Restate word for word the entries below, starting at the line with "回来后,村里选拔了几名年轻干" and ending at the line with "한편, 올해 TGA 멀티플레이어". Keep both end lines and omit the pictures.
···
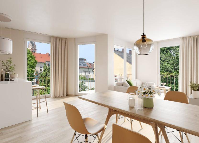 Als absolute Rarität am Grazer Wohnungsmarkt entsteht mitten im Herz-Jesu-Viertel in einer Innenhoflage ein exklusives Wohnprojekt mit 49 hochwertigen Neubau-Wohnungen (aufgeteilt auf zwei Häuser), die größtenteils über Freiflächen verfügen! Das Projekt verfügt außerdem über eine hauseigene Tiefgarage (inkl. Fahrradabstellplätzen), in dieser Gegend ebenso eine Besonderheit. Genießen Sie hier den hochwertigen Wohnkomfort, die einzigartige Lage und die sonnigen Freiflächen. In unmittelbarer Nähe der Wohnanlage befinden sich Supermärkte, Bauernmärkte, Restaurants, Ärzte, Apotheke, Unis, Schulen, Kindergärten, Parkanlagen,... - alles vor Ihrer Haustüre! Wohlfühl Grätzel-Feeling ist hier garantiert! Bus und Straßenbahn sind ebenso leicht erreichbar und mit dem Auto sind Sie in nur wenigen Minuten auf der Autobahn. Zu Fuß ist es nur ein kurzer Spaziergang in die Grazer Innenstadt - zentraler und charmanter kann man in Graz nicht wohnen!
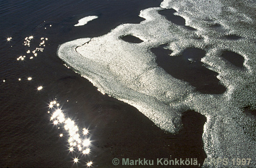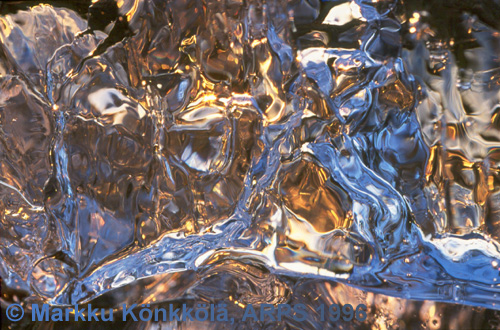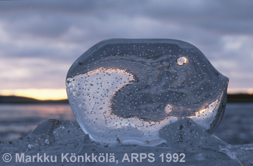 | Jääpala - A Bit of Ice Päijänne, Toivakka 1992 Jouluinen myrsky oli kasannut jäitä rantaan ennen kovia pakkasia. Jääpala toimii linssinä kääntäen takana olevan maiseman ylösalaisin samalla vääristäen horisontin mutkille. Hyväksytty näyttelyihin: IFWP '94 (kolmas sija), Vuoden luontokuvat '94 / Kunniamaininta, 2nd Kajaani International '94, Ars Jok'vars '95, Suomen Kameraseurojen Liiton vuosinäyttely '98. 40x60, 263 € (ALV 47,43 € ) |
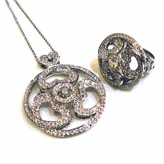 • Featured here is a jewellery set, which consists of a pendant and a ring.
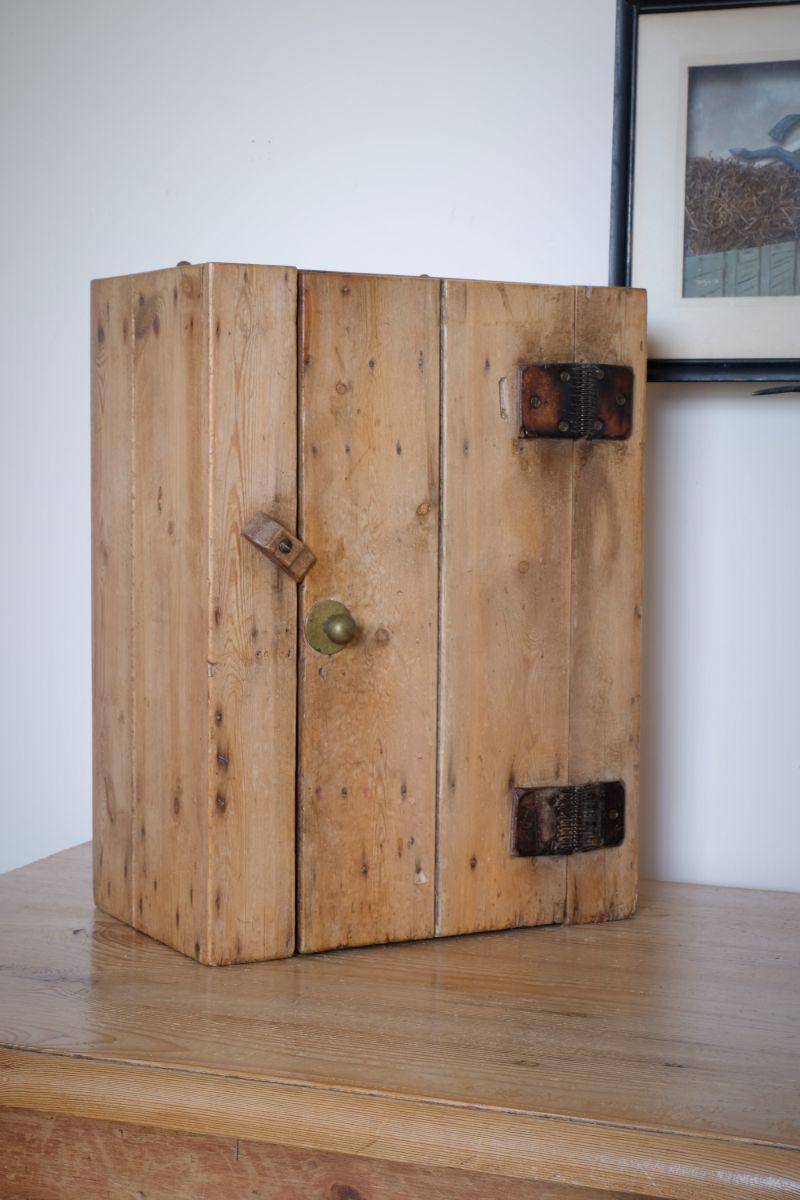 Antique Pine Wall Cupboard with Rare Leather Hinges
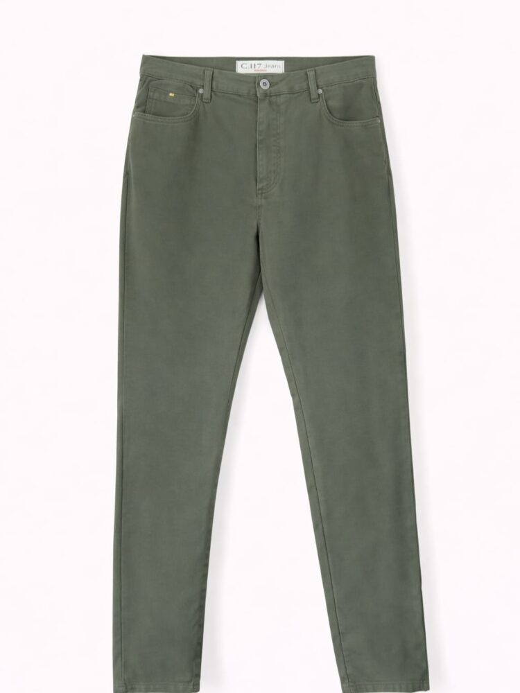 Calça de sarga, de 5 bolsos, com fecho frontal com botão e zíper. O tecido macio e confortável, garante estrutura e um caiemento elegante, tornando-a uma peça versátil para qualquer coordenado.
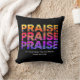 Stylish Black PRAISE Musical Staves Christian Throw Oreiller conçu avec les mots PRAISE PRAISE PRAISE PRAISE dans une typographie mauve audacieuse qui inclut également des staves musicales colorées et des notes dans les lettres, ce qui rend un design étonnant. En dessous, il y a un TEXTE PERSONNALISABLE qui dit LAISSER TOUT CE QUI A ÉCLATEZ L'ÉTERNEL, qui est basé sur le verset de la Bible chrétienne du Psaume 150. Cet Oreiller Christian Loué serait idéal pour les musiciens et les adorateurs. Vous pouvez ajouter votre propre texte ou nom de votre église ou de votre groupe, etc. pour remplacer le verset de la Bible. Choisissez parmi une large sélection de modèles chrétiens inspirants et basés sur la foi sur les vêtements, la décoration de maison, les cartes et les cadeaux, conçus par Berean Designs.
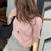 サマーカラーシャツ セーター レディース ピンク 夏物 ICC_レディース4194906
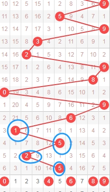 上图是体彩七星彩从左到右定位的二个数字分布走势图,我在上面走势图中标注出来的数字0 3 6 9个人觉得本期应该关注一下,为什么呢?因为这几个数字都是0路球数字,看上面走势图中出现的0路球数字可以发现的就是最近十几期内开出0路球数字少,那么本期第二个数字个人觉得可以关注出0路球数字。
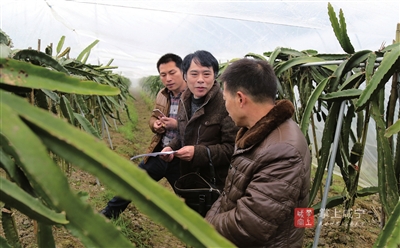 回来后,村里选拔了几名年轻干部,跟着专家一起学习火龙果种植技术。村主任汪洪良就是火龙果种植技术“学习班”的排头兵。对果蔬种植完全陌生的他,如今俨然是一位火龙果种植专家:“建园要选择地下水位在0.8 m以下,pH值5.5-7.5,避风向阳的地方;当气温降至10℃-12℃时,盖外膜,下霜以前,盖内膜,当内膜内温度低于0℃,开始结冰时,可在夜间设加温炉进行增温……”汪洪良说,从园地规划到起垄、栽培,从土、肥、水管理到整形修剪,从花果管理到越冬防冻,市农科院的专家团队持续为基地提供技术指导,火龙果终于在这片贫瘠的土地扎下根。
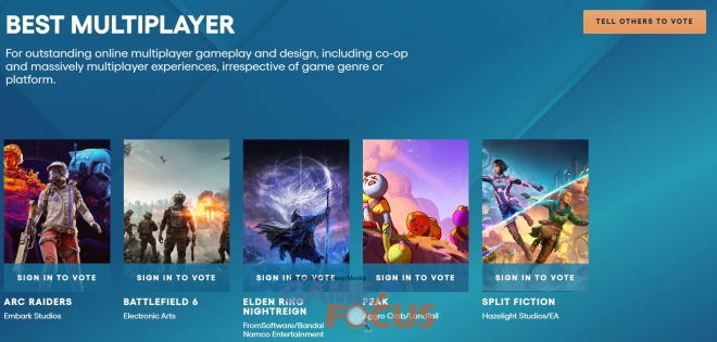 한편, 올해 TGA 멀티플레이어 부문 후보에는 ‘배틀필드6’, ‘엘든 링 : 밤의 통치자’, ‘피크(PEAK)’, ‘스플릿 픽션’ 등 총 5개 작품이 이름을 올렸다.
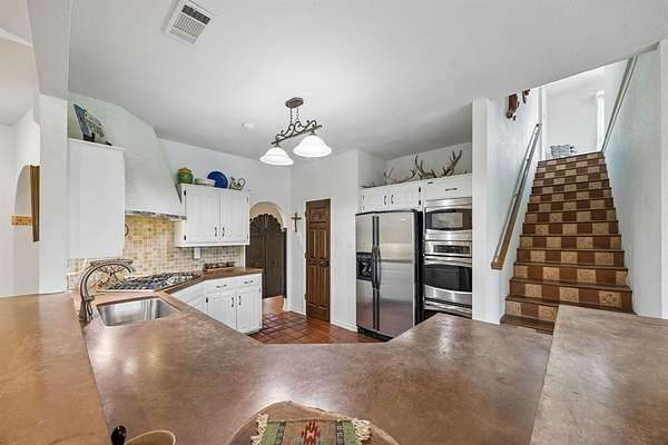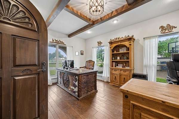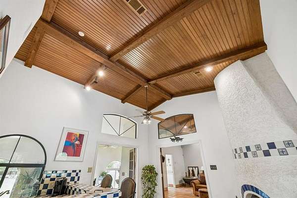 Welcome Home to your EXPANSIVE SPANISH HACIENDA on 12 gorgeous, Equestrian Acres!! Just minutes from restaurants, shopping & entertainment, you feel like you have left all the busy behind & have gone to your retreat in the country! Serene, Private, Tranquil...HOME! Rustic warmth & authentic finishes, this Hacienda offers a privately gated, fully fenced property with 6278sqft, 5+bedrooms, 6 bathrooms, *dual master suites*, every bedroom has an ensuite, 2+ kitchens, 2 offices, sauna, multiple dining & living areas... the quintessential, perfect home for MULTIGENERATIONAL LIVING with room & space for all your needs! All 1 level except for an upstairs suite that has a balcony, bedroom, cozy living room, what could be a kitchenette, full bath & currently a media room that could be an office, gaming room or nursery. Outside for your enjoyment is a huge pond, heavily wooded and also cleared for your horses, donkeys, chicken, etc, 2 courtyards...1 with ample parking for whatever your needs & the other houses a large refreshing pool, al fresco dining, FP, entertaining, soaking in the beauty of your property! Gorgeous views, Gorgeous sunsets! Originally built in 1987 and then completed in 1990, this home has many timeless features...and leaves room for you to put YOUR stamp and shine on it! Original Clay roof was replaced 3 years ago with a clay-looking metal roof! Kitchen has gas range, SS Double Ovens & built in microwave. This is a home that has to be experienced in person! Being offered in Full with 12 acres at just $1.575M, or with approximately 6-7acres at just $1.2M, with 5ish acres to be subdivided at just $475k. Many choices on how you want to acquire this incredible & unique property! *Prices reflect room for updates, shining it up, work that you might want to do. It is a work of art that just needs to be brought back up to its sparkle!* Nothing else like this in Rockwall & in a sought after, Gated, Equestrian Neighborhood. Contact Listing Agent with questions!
···
Exercise result =>
 回来后,村里选拔了几名年轻干部,跟着专家一起学习火龙果种植技术。村主任汪洪良就是火龙果种植技术“学习班”的排头兵。对果蔬种植完全陌生的他,如今俨然是一位火龙果种植专家:“建园要选择地下水位在0.8 m以下,pH值5.5-7.5,避风向阳的地方;当气温降至10℃-12℃时,盖外膜,下霜以前,盖内膜,当内膜内温度低于0℃,开始结冰时,可在夜间设加温炉进行增温……”汪洪良说,从园地规划到起垄、栽培,从土、肥、水管理到整形修剪,从花果管理到越冬防冻,市农科院的专家团队持续为基地提供技术指导,火龙果终于在这片贫瘠的土地扎下根。
 한편, 올해 TGA 멀티플레이어 부문 후보에는 ‘배틀필드6’, ‘엘든 링 : 밤의 통치자’, ‘피크(PEAK)’, ‘스플릿 픽션’ 등 총 5개 작품이 이름을 올렸다.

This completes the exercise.